Stored items from a collection
########################################
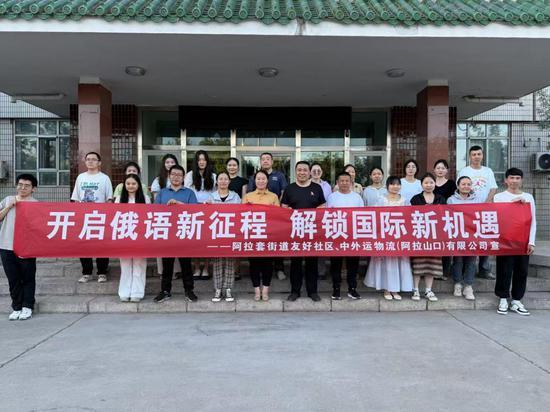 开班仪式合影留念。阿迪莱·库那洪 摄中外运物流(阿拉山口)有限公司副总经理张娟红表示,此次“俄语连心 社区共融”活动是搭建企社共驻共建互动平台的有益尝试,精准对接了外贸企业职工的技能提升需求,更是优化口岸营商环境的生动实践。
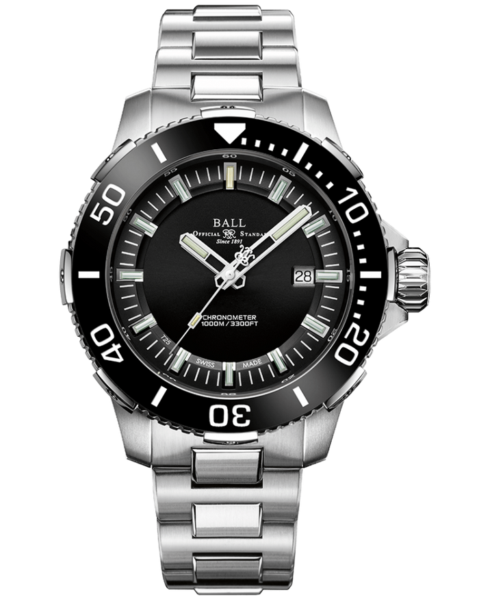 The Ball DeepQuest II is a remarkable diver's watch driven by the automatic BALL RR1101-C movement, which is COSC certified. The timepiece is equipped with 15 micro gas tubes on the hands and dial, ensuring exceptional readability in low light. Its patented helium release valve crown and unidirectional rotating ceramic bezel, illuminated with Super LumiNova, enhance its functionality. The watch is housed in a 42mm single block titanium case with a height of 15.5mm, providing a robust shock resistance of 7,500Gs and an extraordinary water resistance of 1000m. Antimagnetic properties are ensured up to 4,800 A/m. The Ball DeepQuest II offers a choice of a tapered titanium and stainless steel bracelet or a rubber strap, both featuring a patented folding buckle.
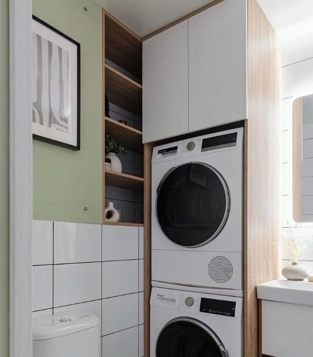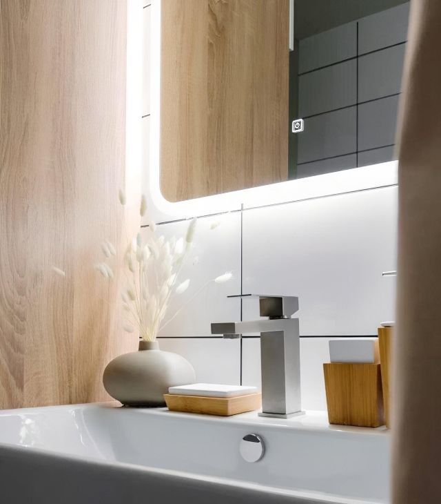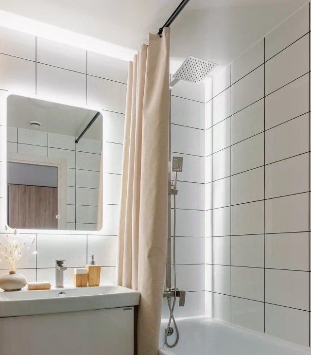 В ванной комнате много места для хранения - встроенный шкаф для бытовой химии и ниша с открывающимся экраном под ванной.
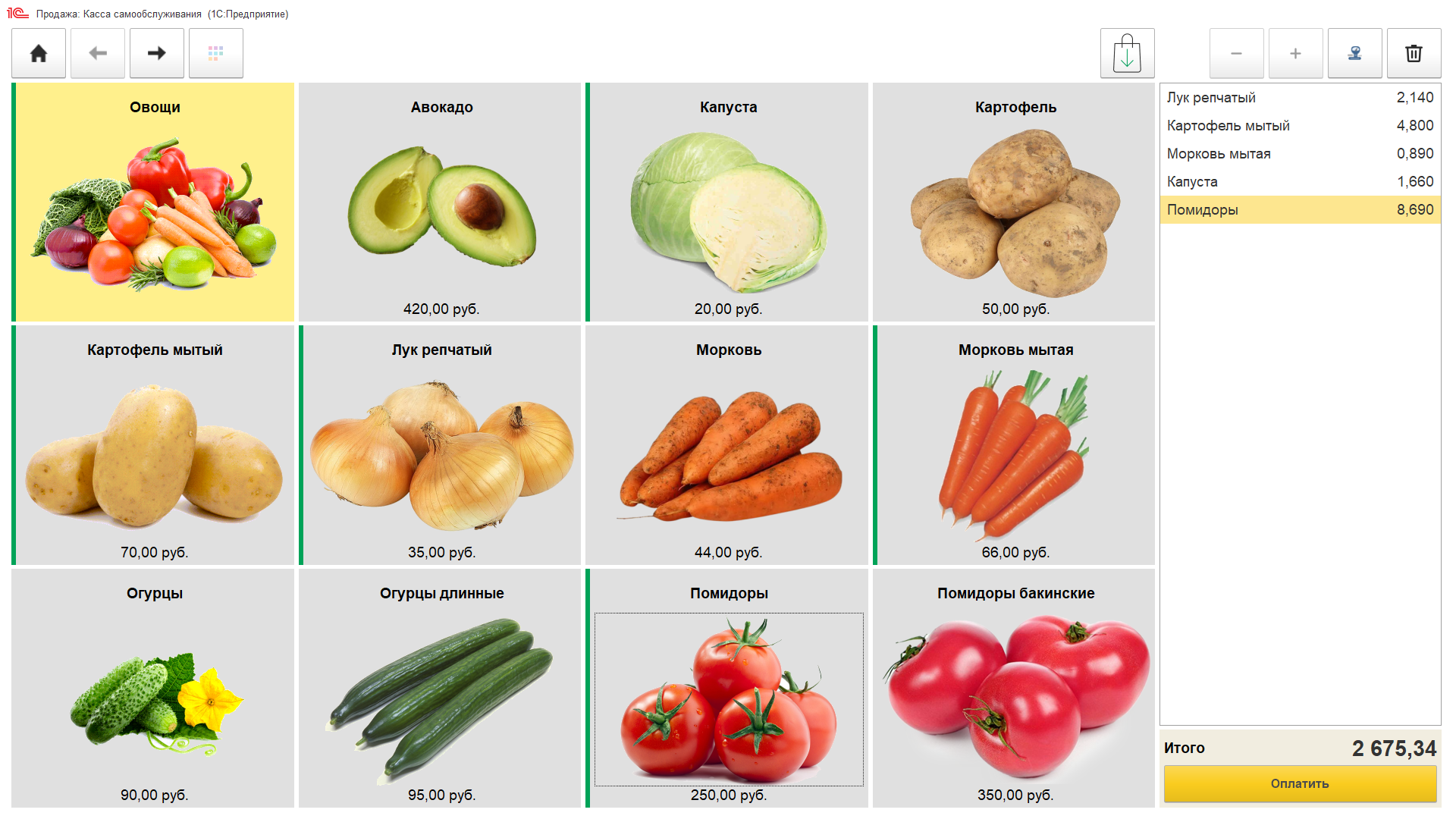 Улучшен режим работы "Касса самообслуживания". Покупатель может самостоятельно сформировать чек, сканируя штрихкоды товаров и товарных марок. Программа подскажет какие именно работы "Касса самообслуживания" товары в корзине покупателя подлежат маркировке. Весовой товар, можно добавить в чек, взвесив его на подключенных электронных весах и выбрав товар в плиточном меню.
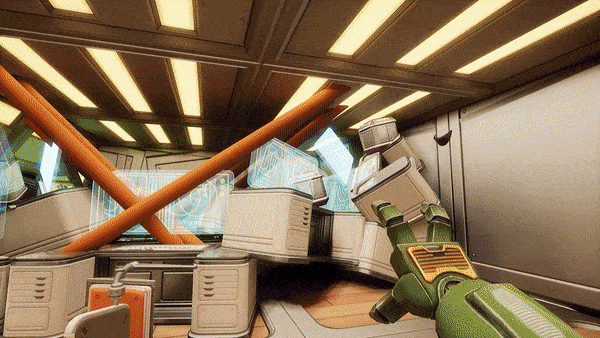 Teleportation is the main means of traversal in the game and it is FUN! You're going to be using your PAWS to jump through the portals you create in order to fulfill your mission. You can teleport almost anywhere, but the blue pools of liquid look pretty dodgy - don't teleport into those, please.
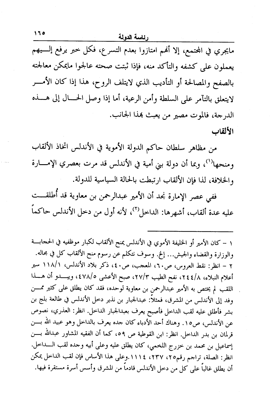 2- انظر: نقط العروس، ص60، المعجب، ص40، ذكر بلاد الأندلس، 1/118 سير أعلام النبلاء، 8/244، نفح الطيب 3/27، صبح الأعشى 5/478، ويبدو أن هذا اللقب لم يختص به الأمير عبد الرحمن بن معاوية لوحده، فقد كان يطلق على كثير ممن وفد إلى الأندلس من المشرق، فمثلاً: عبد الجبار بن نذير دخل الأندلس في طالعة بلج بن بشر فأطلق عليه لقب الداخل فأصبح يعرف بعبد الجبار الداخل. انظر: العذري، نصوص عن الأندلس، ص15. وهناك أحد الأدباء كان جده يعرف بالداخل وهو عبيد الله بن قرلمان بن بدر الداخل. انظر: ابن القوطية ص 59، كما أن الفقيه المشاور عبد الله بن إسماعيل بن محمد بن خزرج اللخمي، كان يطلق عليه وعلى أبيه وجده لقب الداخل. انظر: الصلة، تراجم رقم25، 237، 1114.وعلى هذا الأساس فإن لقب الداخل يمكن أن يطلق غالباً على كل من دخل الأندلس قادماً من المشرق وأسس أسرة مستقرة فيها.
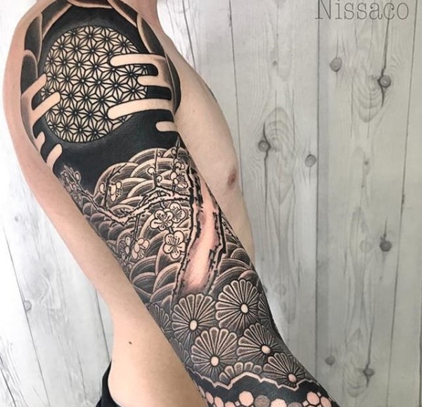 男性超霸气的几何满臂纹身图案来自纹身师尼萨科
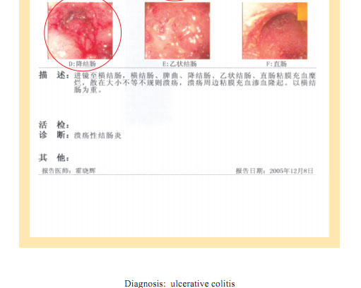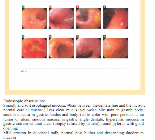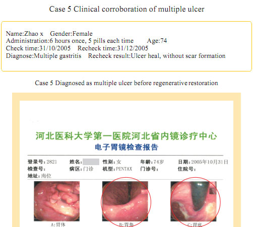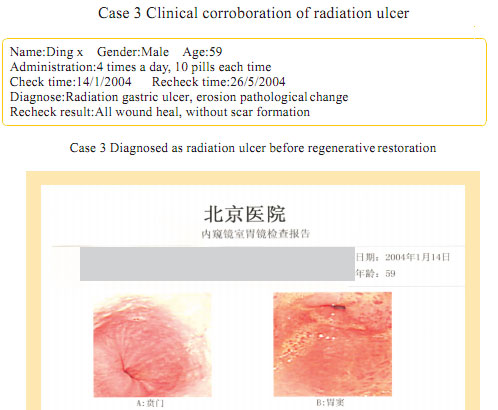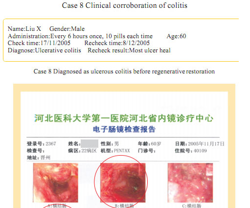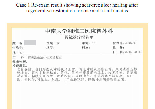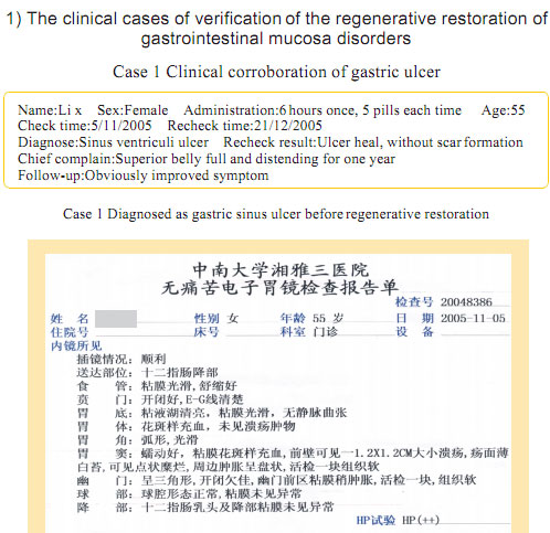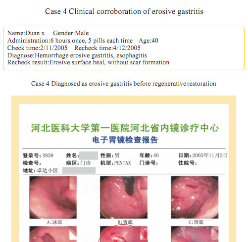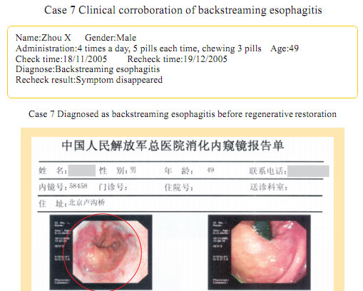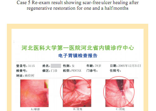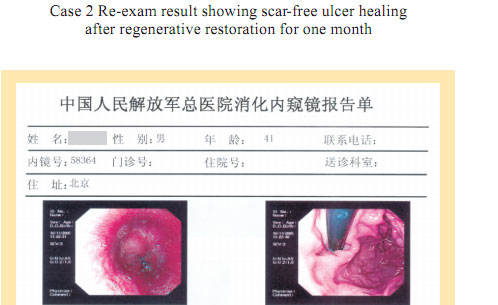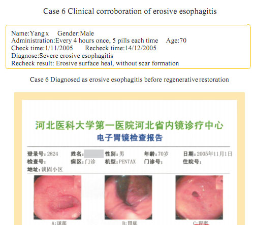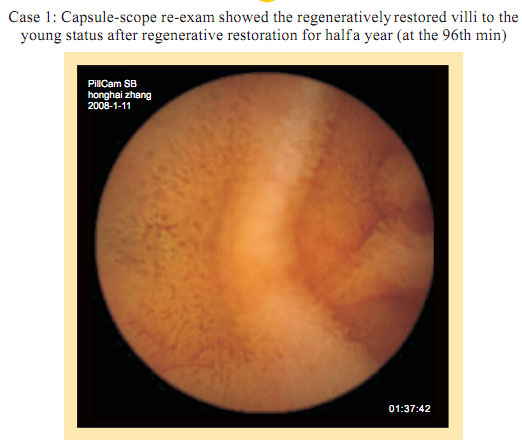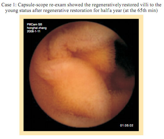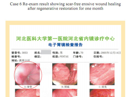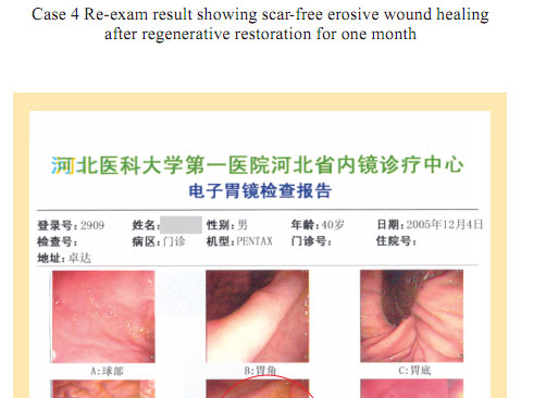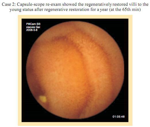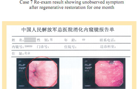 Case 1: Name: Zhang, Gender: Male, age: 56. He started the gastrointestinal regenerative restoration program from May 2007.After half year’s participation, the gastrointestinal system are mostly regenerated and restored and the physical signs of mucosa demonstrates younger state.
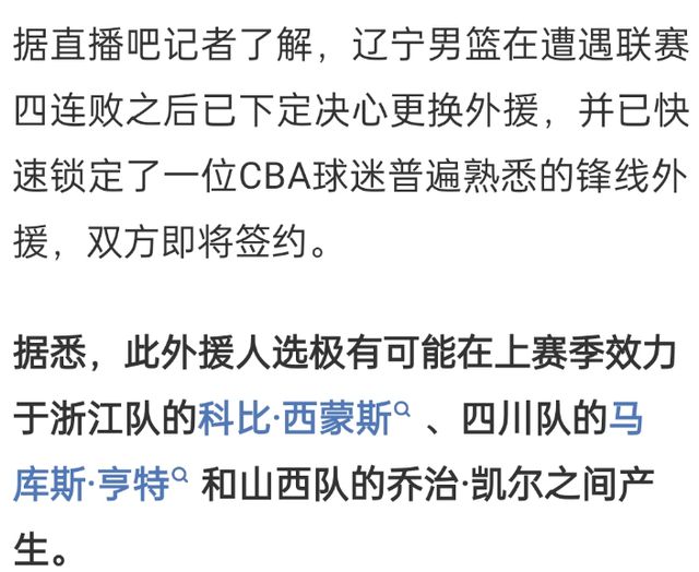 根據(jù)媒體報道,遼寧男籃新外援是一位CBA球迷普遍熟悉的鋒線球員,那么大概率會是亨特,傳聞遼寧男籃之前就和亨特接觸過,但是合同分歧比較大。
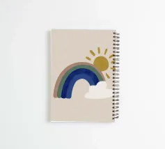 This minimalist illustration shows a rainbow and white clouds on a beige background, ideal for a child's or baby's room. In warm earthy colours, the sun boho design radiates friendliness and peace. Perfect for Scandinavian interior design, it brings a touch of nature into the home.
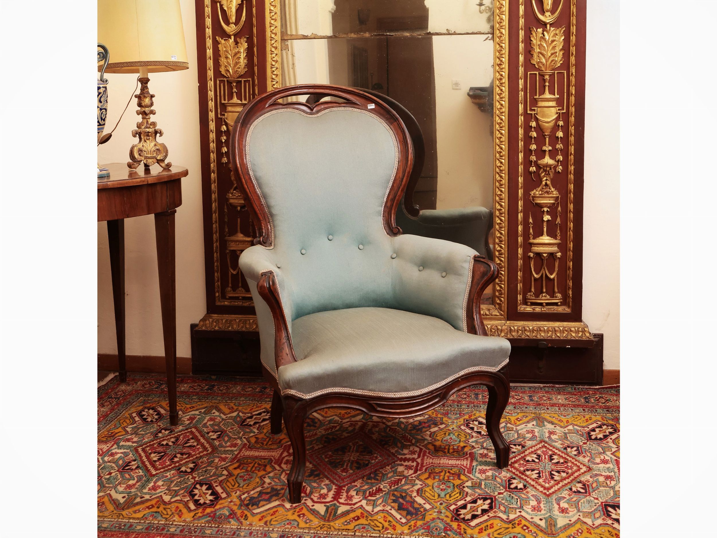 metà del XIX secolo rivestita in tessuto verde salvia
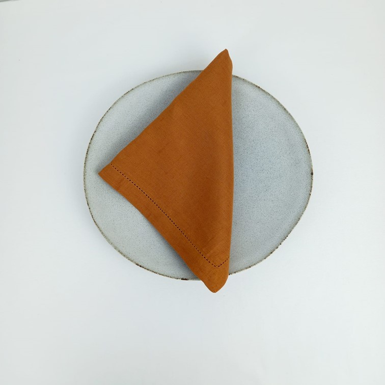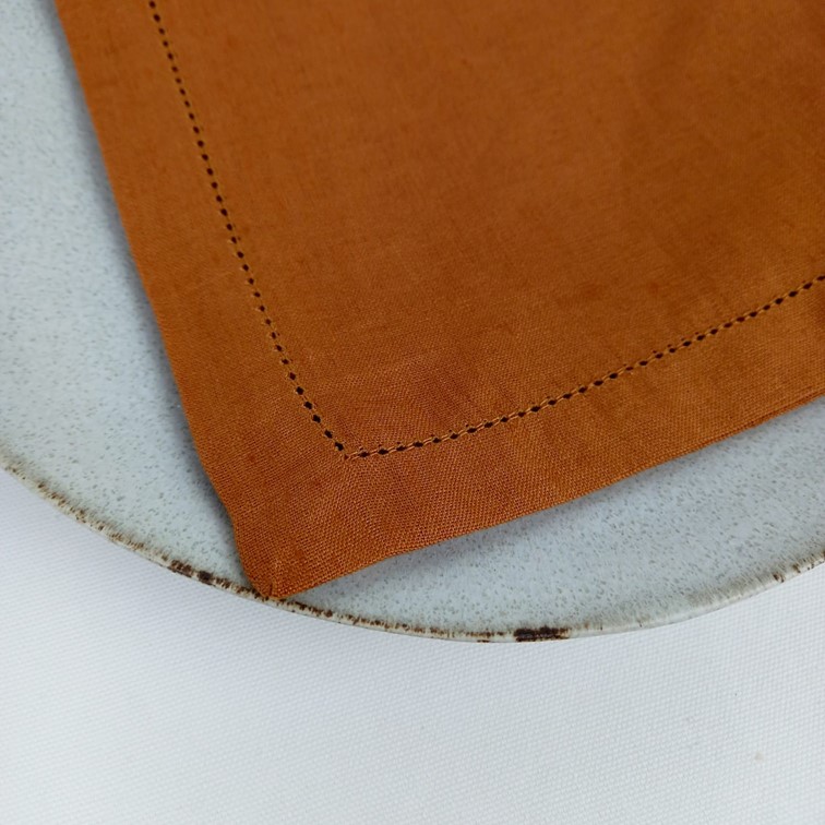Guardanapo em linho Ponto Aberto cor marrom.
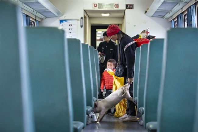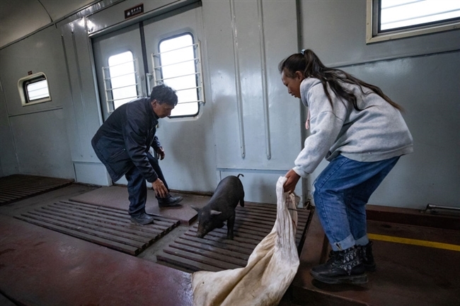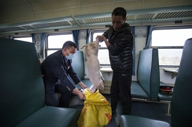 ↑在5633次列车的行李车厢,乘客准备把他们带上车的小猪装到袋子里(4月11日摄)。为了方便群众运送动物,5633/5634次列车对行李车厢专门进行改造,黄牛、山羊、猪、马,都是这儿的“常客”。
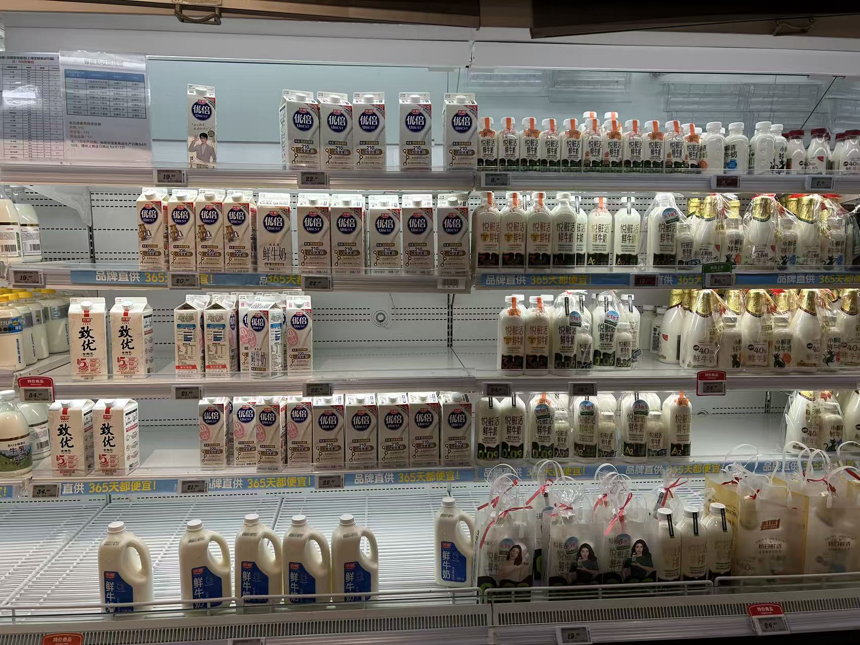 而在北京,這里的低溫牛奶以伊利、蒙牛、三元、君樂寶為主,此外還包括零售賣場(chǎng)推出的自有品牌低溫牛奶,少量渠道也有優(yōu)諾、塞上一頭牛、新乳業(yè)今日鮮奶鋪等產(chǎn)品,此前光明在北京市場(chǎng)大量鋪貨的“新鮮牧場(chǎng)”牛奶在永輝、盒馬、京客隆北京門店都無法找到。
########################################
What you need to do: Each line from the line containing "Case 1: Name: Zhang, Gender: Male, age: 56." through the final line of the data above must be retyped exactly; nothing else, and no pictures, may appear.

Exercise result:
 Case 1: Name: Zhang, Gender: Male, age: 56. He started the gastrointestinal regenerative restoration program from May 2007.After half year’s participation, the gastrointestinal system are mostly regenerated and restored and the physical signs of mucosa demonstrates younger state.
 根據(jù)媒體報道,遼寧男籃新外援是一位CBA球迷普遍熟悉的鋒線球員,那么大概率會是亨特,傳聞遼寧男籃之前就和亨特接觸過,但是合同分歧比較大。
 This minimalist illustration shows a rainbow and white clouds on a beige background, ideal for a child's or baby's room. In warm earthy colours, the sun boho design radiates friendliness and peace. Perfect for Scandinavian interior design, it brings a touch of nature into the home.
 metà del XIX secolo rivestita in tessuto verde salvia
Guardanapo em linho Ponto Aberto cor marrom.
 ↑在5633次列车的行李车厢,乘客准备把他们带上车的小猪装到袋子里(4月11日摄)。为了方便群众运送动物,5633/5634次列车对行李车厢专门进行改造,黄牛、山羊、猪、马,都是这儿的“常客”。
 而在北京,這里的低溫牛奶以伊利、蒙牛、三元、君樂寶為主,此外還包括零售賣場(chǎng)推出的自有品牌低溫牛奶,少量渠道也有優(yōu)諾、塞上一頭牛、新乳業(yè)今日鮮奶鋪等產(chǎn)品,此前光明在北京市場(chǎng)大量鋪貨的“新鮮牧場(chǎng)”牛奶在永輝、盒馬、京客隆北京門店都無法找到。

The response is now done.